Register AI-powered tool search and discovery functionality.
This method adds sophisticated tool discovery capabilities to the SMCP server,
enabling clients to find relevant tools using natural language queries.
It provides both programmatic (MCP tool) and protocol-level (tools/find method)
interfaces for tool discovery.
Registered Tools:
================
find_tools:
Primary tool discovery interface with AI-powered search capabilities.
Parameters:
- query (str): Natural language description of desired functionality
- categories (list, optional): Tool categories to filter by
- limit (int, default=10): Maximum number of results
- use_advanced_search (bool, default=True): Use AI vs keyword search
Returns: JSON string with discovered tools and search metadata
search_tools:
Backward-compatible alias for find_tools with identical functionality.

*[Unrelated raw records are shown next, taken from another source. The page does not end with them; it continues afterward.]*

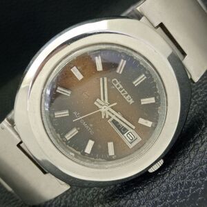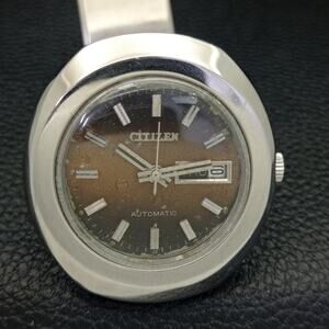 Vintage 1981 Citizen Automatic Mens Silver Watch W/daydate & Brown accents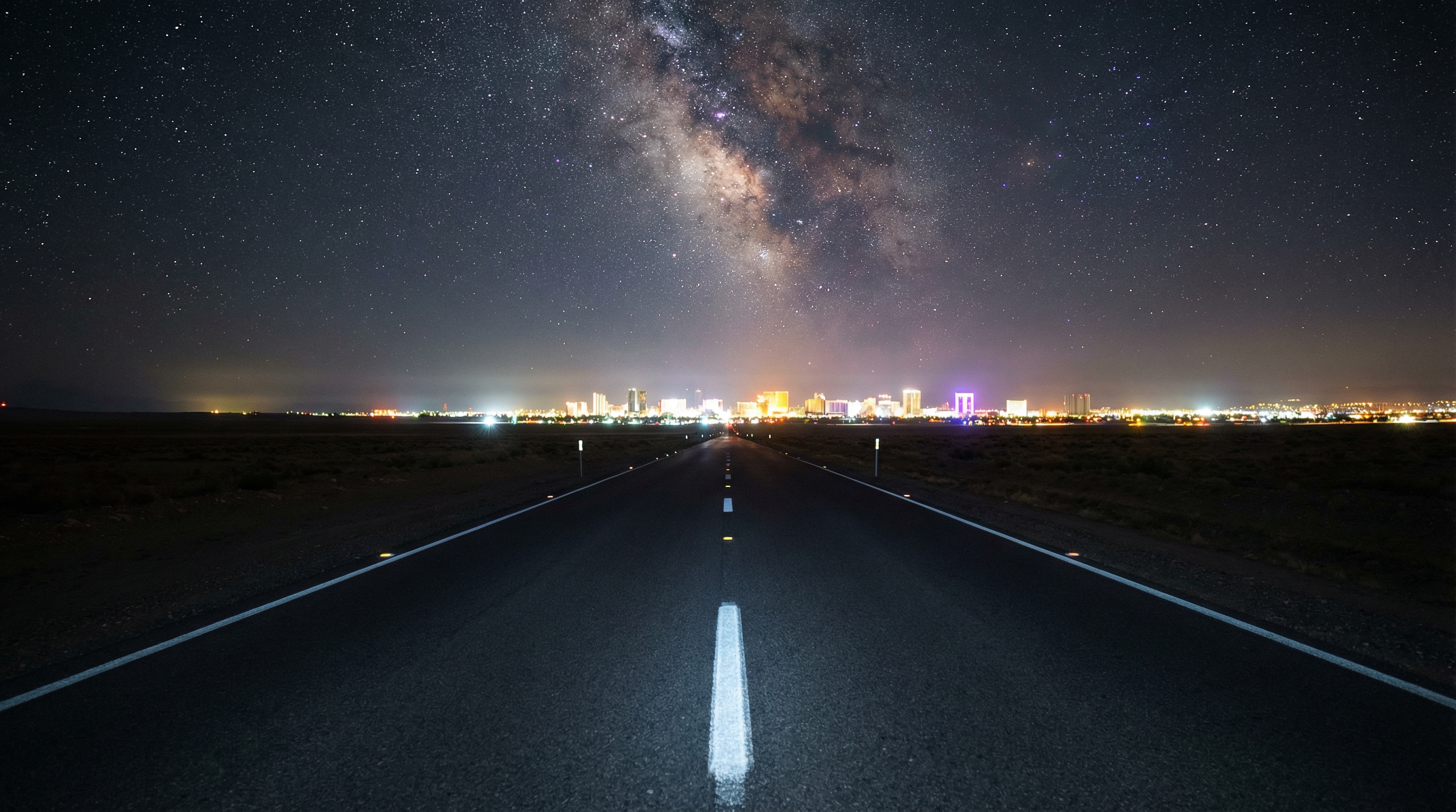 A straight road cuts through flat desert toward a distant city, seen from 20 miles away at night. The city is a cluster of light on the horizon — white, amber, neon colors — shimmering in released heat. The road's white center line stretches from camera to the lights. On either side: flat dark nothing. The sky is packed with stars, the Milky Way visible as a bright band. Reflective road markers catch starlight. 14mm, f/2.8, ISO 6400, 15-second exposure. Negative: cars, people, light pollution, text, watermark.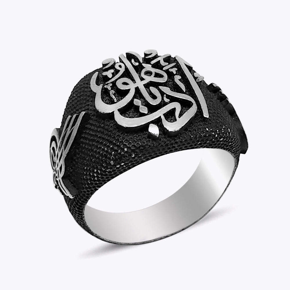 Edeb Yahu Yazılı Tuğra detaylı, anlam yüklü 925 ayar gümüş erkek yüzük.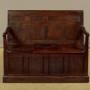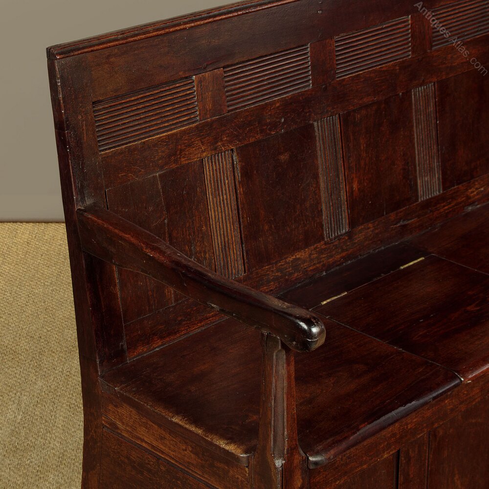 Small early 19th.c. Welsh box settle or hall bench c.1800. Purchased locally, it is an unusual example being in teak or similar rather than native timber - suggesting a link to maritime trade perhaps? Low and slightly sloping backrest with original moulding to the top and unusual reeded detail to the upper panels and the lower mullions. Shaped arms with rounded ends on tapering and chamfered supports. Board seat, the centre panel hinged to reveal useful storage below for boots and shoes etc. Flat panels to the front and sides and a moulded plinth or kickboard around the base. Note the original backboards and how the rear flares outwards for stability. Great rustic character with some old wear and repairs but otherwise excellent colour and condition, restored cleaned and waxed in our workshops.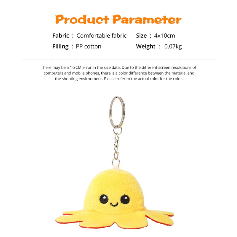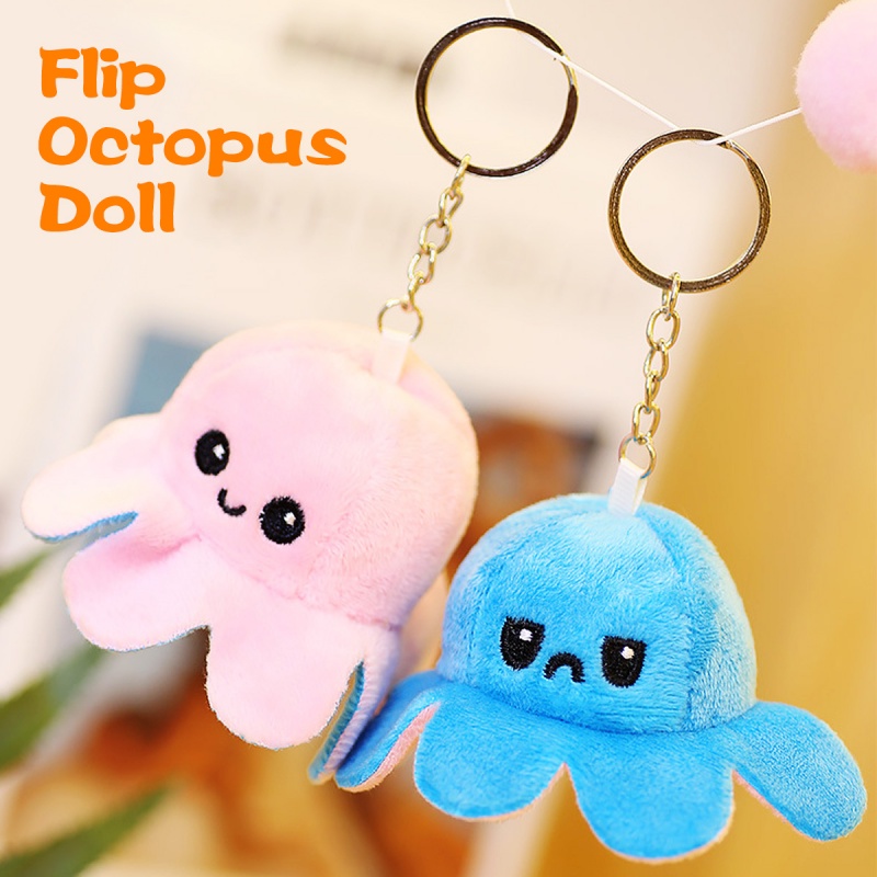 Điện Thoại & Phụ Kiện > Phụ kiện > Dây đeo điện thoại & Móc khóa || Búp bê nhồi bông FONKEN hình bạch tuộc 2 mặt đổi màu và biểu cảm có móc khóaCòn hàng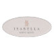 Chic nametag présente votre nom et titre ou compagnie en lettrage gris classique sur un arrière - plan rose pâle camée sur un logo floral ciseaux en feuille d'or faux rose. Un beau choix pour les coiffeurs ou les employés de salon.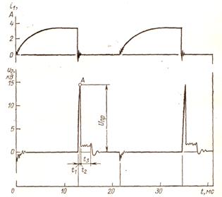 t1 — время нарастания вторичного напряжения до момента яробоя, t2 — время емкостного разряда, t3 — время индуктивного разряда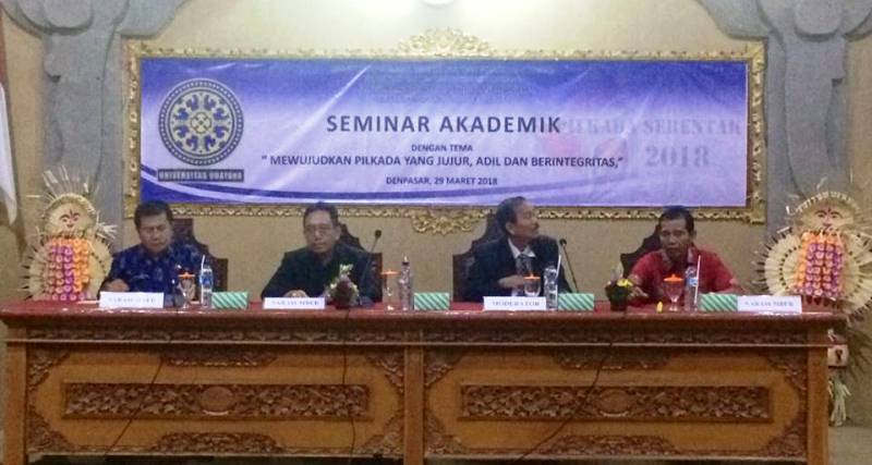 Seminar tersebut dihadiri Ketua KPU Provinsi Bali Dewa Raka Sandi, Ketua Bawaslu Provinsi Bali Ketut Rudia, Dekan Fakultas Hukum Universitas Udayana Prof. Dr. I Made Arya Utama, SH, M.Hum., para mahasiswa program magister dan doktor Fakultas Hukum Universitas Udayana.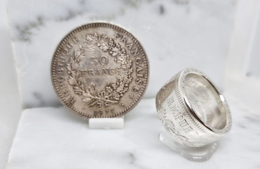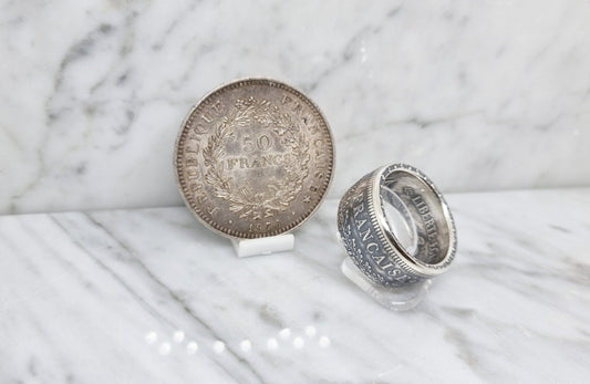 Bague pièce de monnaie 50 Francs Hercule en argent (coin ring)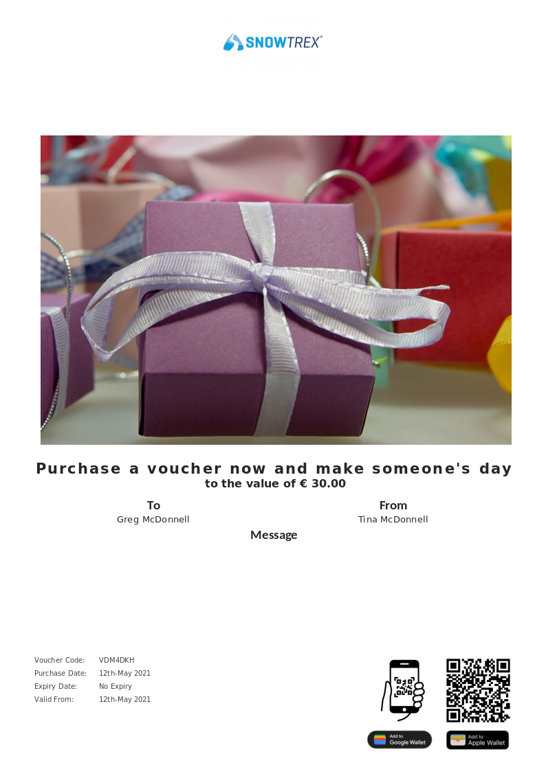 IE - SnowTrex - Gift voucher allows you to purchase instantly printable gift vouchers, special offers and tickets using the Voucher Connect platform.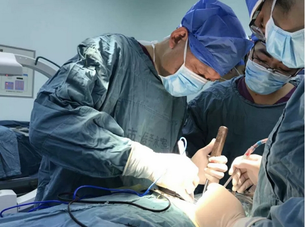 武漢市第一醫(yī)院脊柱外科專家正在進行手術(shù)。高陽 攝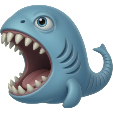 Make a bloop (a whale with a giant open mouth and make it blue) and it have shark teeth (and make it have gills) emoji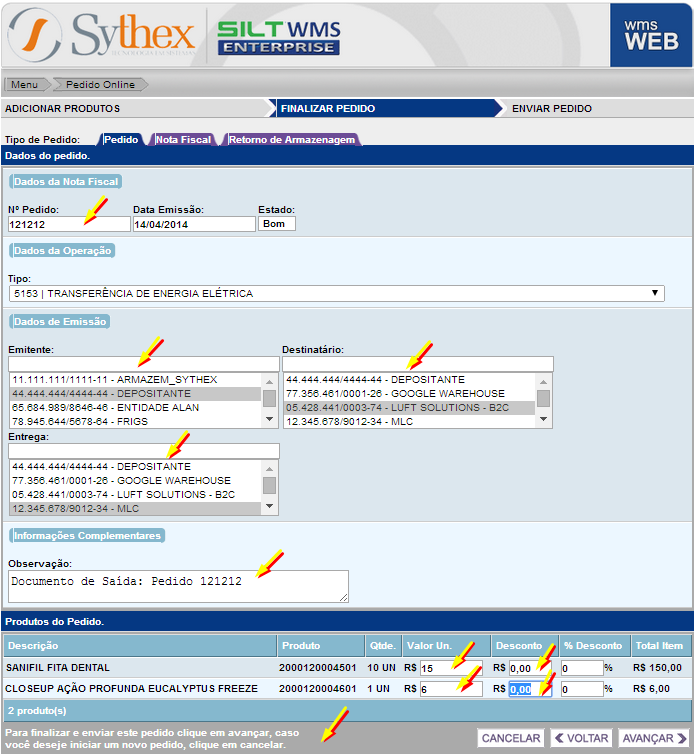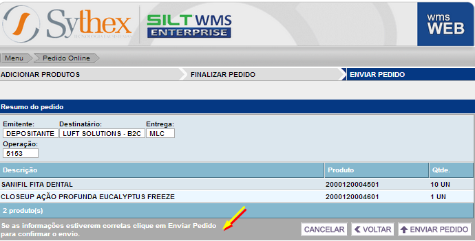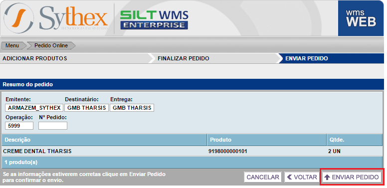 Caso seja necessário continuar com a criação do Documento de Saída, faz-se necessário confirmar, clicando no botão “Enviar Pedido”.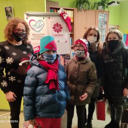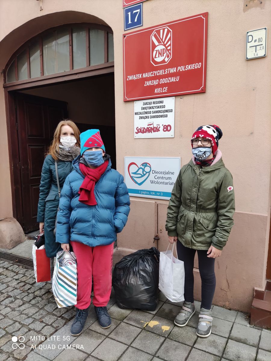 Nasza Placówka wspólnie z Diecezjalnym Centrum Wolontariatu w Kielcach włączyła się, w grudniu, w akcję pomocy dla osób bezdomnych. Od początku miesiąca zbieraliśmy skarpety po to, by nikt nie marzł w zimowe dni. Różne były wzory i kolory, skarpety mniejsze, większe, wełniane, ocieplane, długie, krótkie, wzorzyste, gładkie, z puszkiem, klasyczne, w kratkę, i z nadrukiem. Mamy nadzieję, że każdy potrzebujący znajdzie tutaj coś dla siebie. Przedstawiciele uczniów z naszej Szkoły, wraz z opiekunami przekazali 17 grudnia zebrane dary do Diecezjalnego Centrum Wolontariatu przy Caritas Diecezji Kieleckiej. Stamtąd skarpety trafią do osób bezdomnych.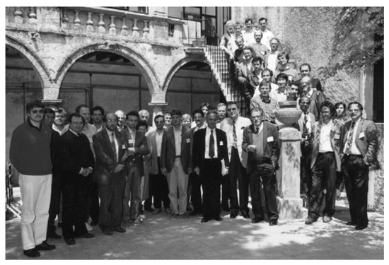 Actually, the community was and has been for decades strongly against the idea of phase separation and of non-uniform charge in general. Most researchers were referring to spin fluctuations due to the vicinity of the AF-QCP in the low-doped Mott insulator [4,19,40,41,42,43]. Charge order has been at most considered as a byproduct of spin order. For instance, at the first big international conference on HTSCs of 1988 held in Interlaken, following my remark on the possible interconnection between different charge density values that could coexist in these materials [44], P.W. Anderson argued that “simple calculations” show it to be impossible. Alex Müller, instead, trusted us from the beginning, and gave a strong support to the community that was inquiring about charge inhomogeneity in cuprates. He organized several conferences on PS (see, e.g., Erice in 1992 (Figure 5 and Figure 6) and Cottbus in 1993).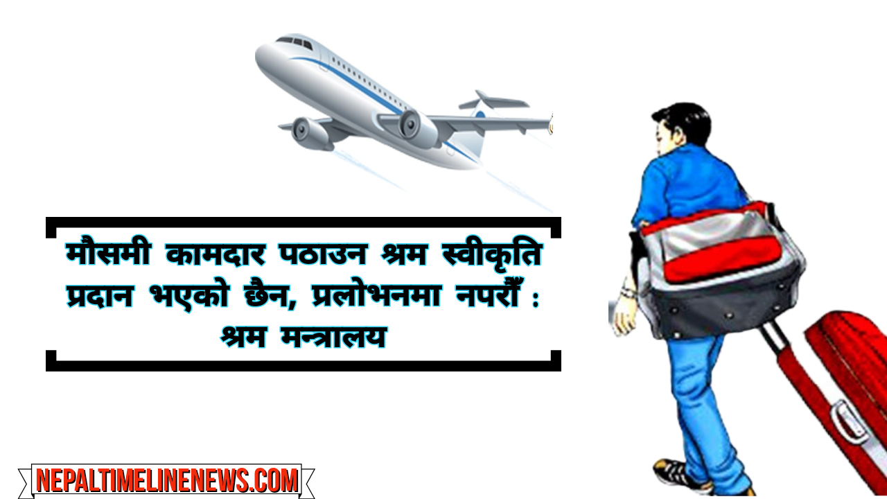 काठमाण्डौ । श्रम रोजगार तथा सामाजिक सुरक्षा मन्त्रालयले मौसमी कामदारको रूपमा वैदेशिक रोजगारीमा श्रमिक पठाउन श्रम स्वीकृति नदिइएको बताएको छ ।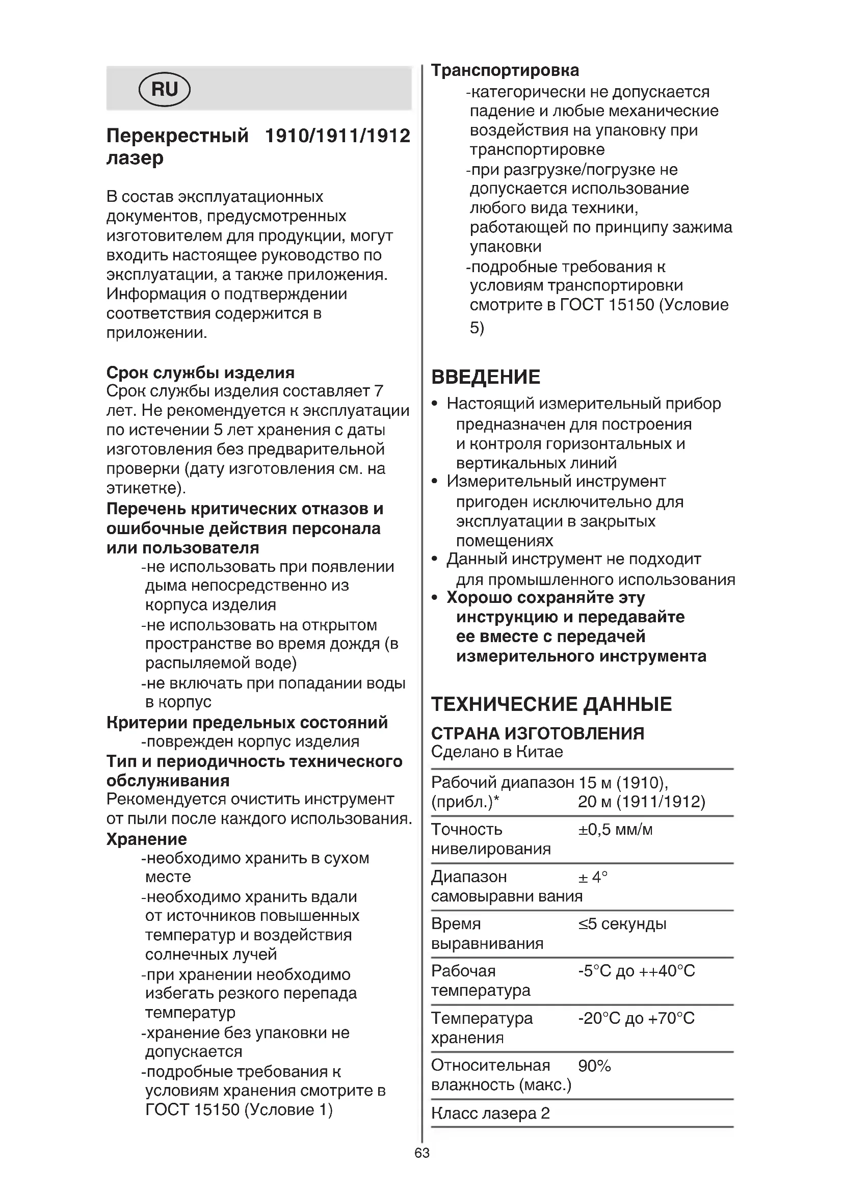 Лазерная радиация / Не смотpите на луч / Лазерное изделие класса 2 Тип лазера 635 нм (1910), 520 нм (1911/1912) Гнездо под штатив 1/4” Аккумуляторная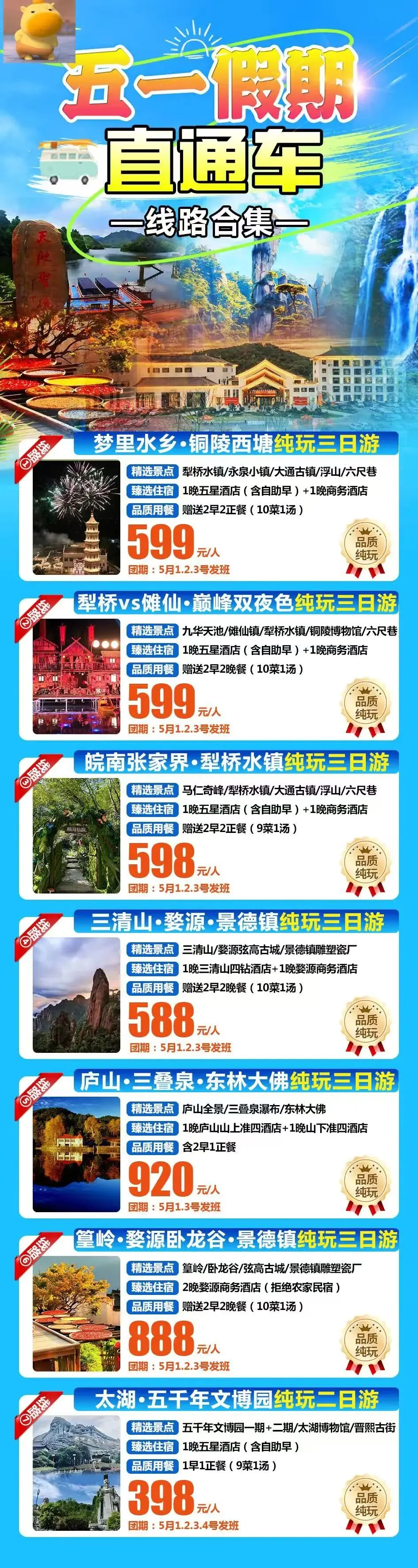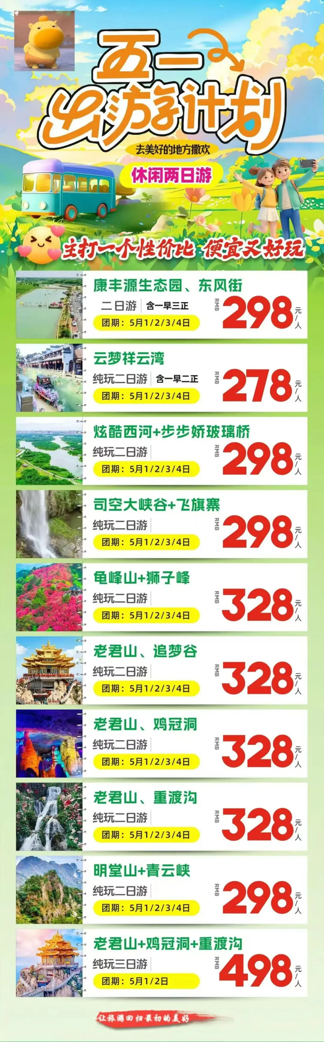 武汉出发,五一假期去哪里玩?周边短线旅游,1日游、2日游、3日游,五一旅游计划,五一武汉周边旅游!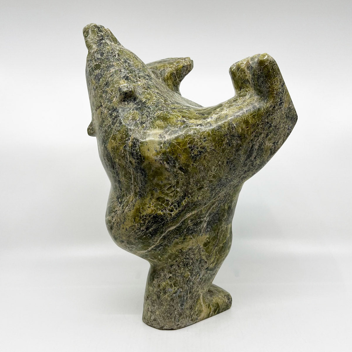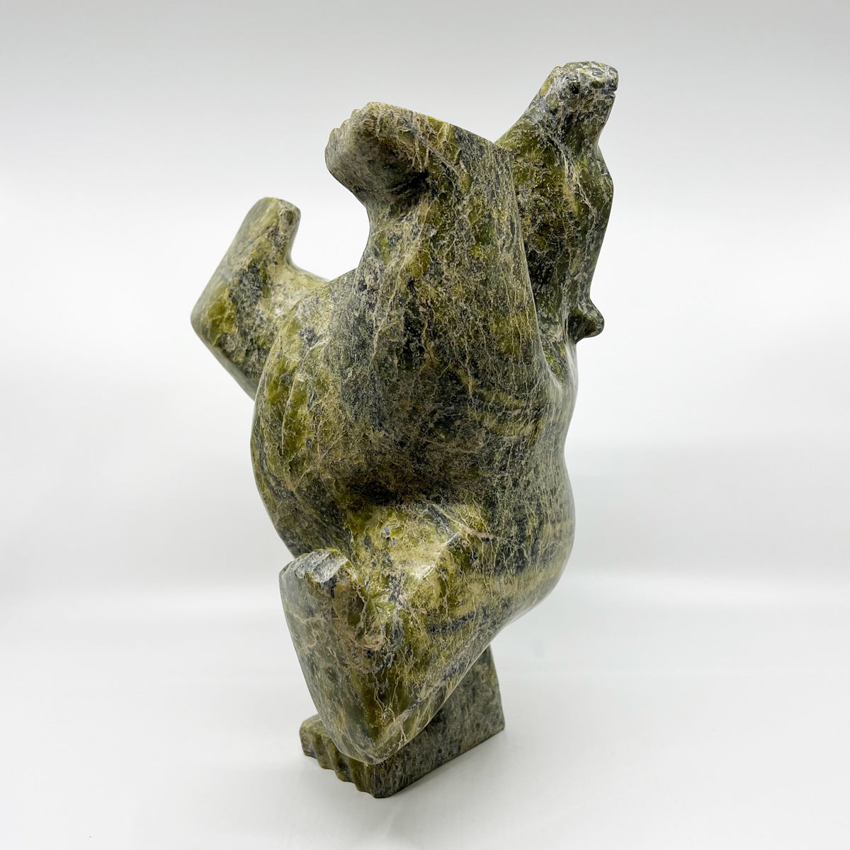 Joanie Ragee is a highly acclaimed artist with international recognition, particularly for his dancing bear sculptures. Born in Iqaluit (formerly known as Frobisher Bay), he now lives in Cape Dorset, both of which are renowned artistic centers in Nunavut.

Maintained for compatibility with existing integrations.
Search Capabilities:
===================
AI-Powered Search (ToolFinderLLM):
- Uses Large Language Model to understand query semantics with optimized context
- Pre-filters tools using keyword matching to reduce LLM context cost
- Analyzes only essential tool information (name + description) for cost efficiency
- Provides relevance scoring and reasoning
- Handles complex queries like "analyze protein interactions in cancer"
Embedding-Based Search (Tool_RAG):
- Uses vector embeddings for semantic similarity matching
- Fast approximate matching for large tool collections
- Good balance between speed and semantic understanding
Keyword Search (Fallback):
- Simple text matching against tool names and descriptions
- Always available regardless of AI tool availability
- Provides basic but reliable tool discovery
Search Strategy:
===============
1. **Preference**: ToolFinderLLM (most intelligent, cost-optimized)
2. **Fallback**: Tool_RAG (semantic similarity)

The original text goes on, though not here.